The ‘Salt’ walk.

This was my walk over 16.5 miles from home to Dobbies Garden Centre in Southport…the long way round.

It’s not a secret that I love walking up hills, I’m not exactly enamoured with walking down them, my nerve doesn’t hold out and I constantly fear that I am about to fall over. In fact with the exceptions of Skiddaw, Great Dun Fell and Little Dun Fell on every hill that I have traversed, I’ve fallen over. On the flat however, I’m a walking legend!

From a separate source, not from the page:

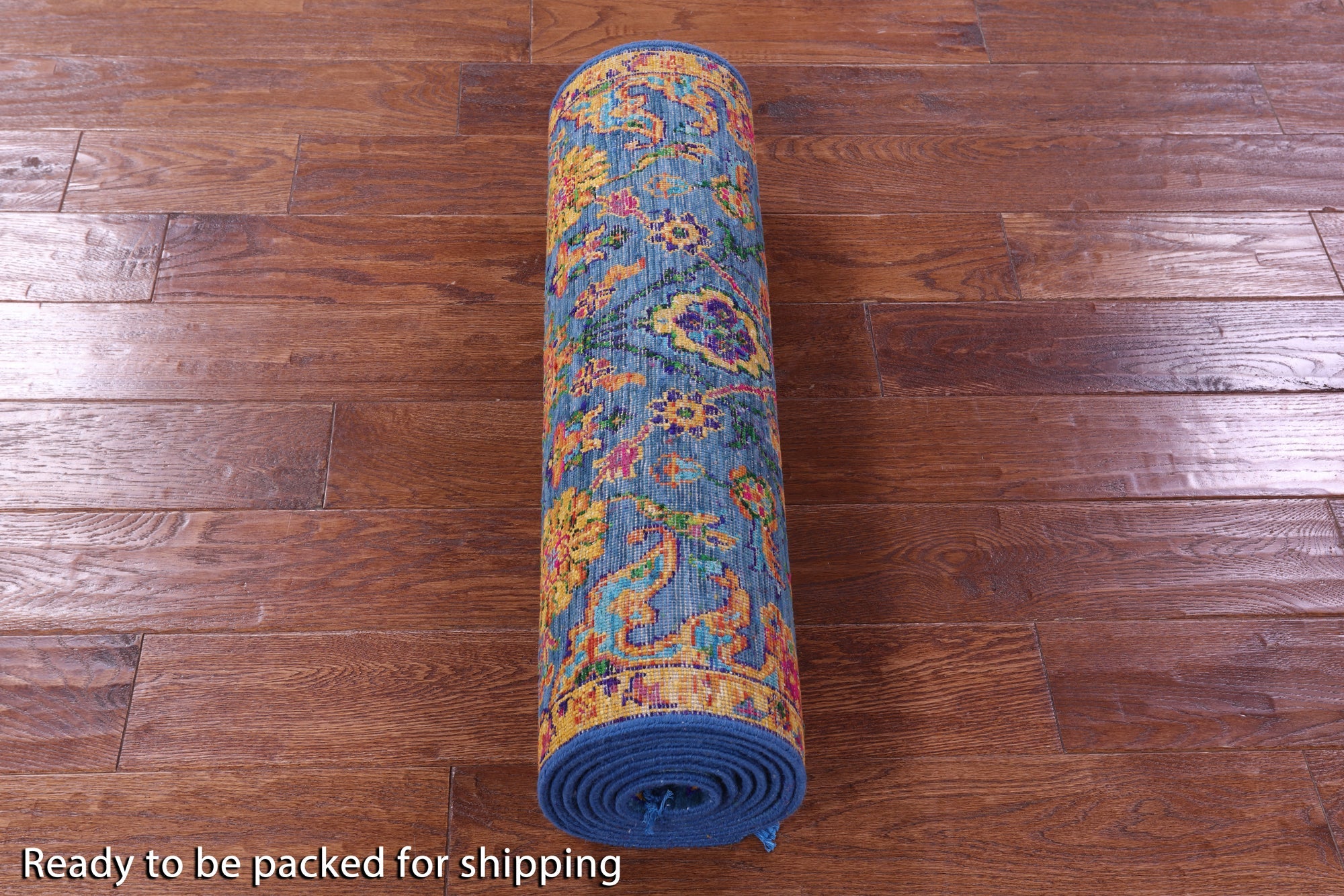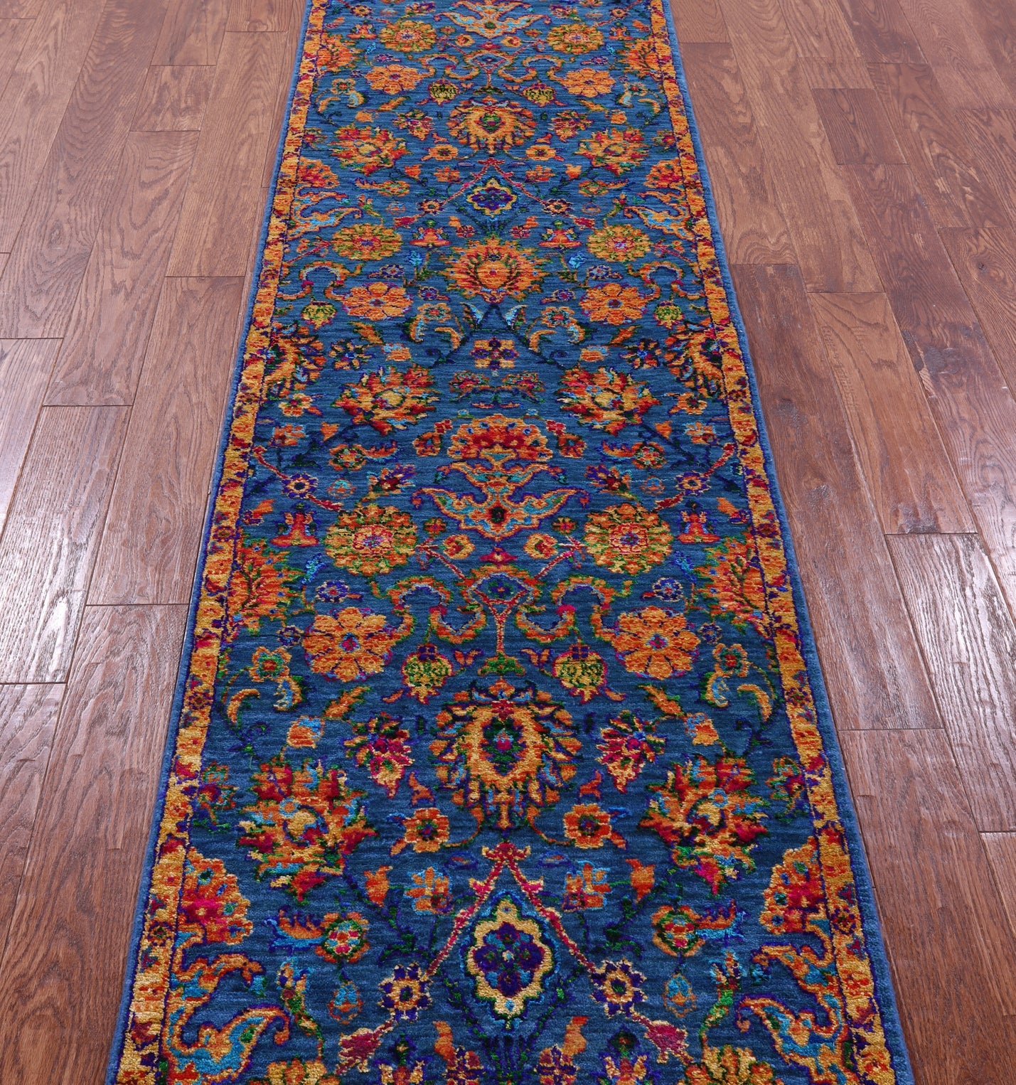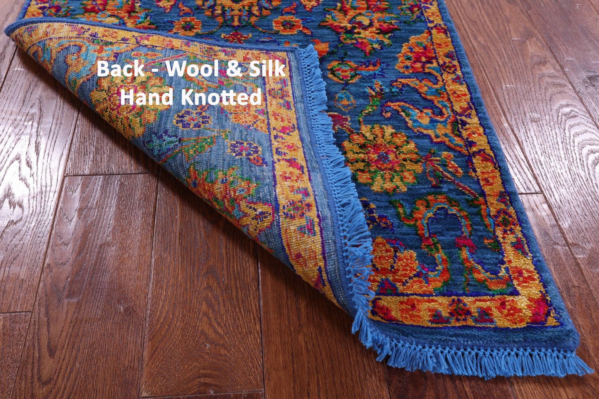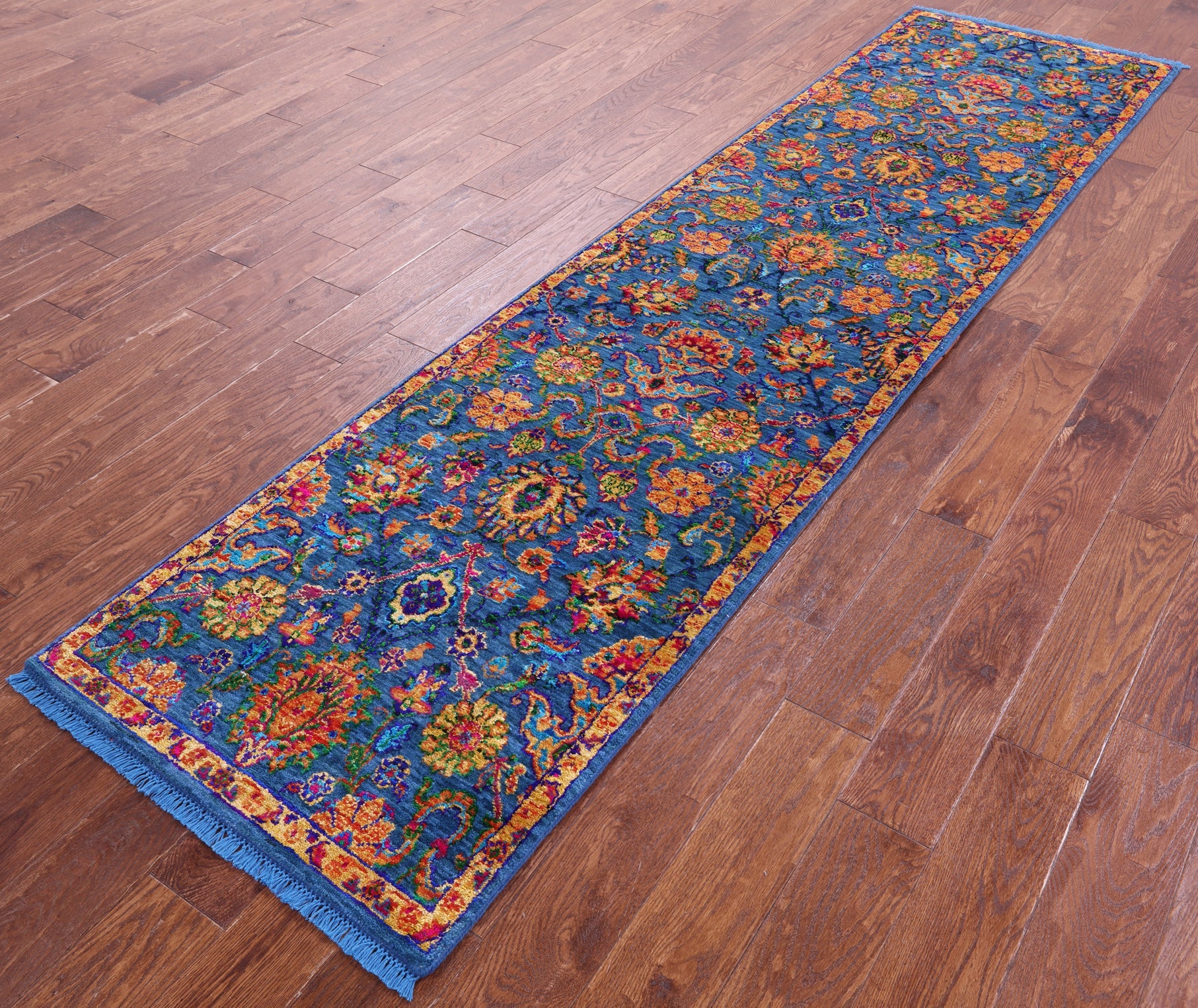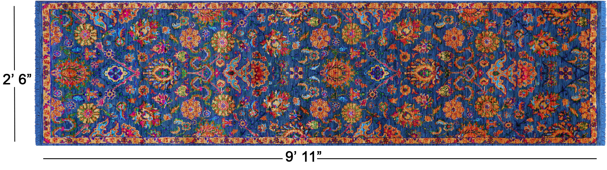 Blue 2' 6" X 9' 11" Runner Persian Tabriz Wool & Silk Handmade Rug - Q22522 is backordered and will ship as soon as it is back in stock.

So it’s probably a good thing that I live here in wonderful Southport where the nearest and highest hill are sand dunes and rural walking with urban connections is such a pleasure…with the added bonus of having the Irish Sea on our doorsteps.

Emmanuel Parish Church

Emmanuel Parish Church

Last year – as my loyal readers will recall I attempted the gigantic Coastal Walk which essentially traverses Southport’s Coastal Road – it changes name a couple of times but it’s the same physical road. On this attempt last year I managed to do just 14.5 miles of the intended 18.5, abandoning at Marshside owing to the decision to wear walking boots on tarmac, I’ve never done that since but with regards to the walk itself I successfully completed the full 18.5 miles earlier this year. Since then I have longed to go back, in the opposite direction, this was coupled with the idea of walking through the beautiful yet rugged Marshside with the migrating (to here) Canada and Greylag Geese overhead and the sound and sights of the Irish Sea crashing it at high tide. In all honesty I could not have timed this better.  I left home at five to ten and headed off up along Cambridge Road and Preston New Road. This route would feature virtually no turnings, one straight road, a left turn, and then the same road for roughly ten and an half miles. I felt the need to call in at the Spar shop in Churchtown as I needed water and would need more water later on in the walk. Detour over, by 10:45 I was at the roundabout – now missing the once iconic “The Plough” pub at the meeting of Marine Drive, Banks Lane, Water Lane and Rufford Road. I turned left…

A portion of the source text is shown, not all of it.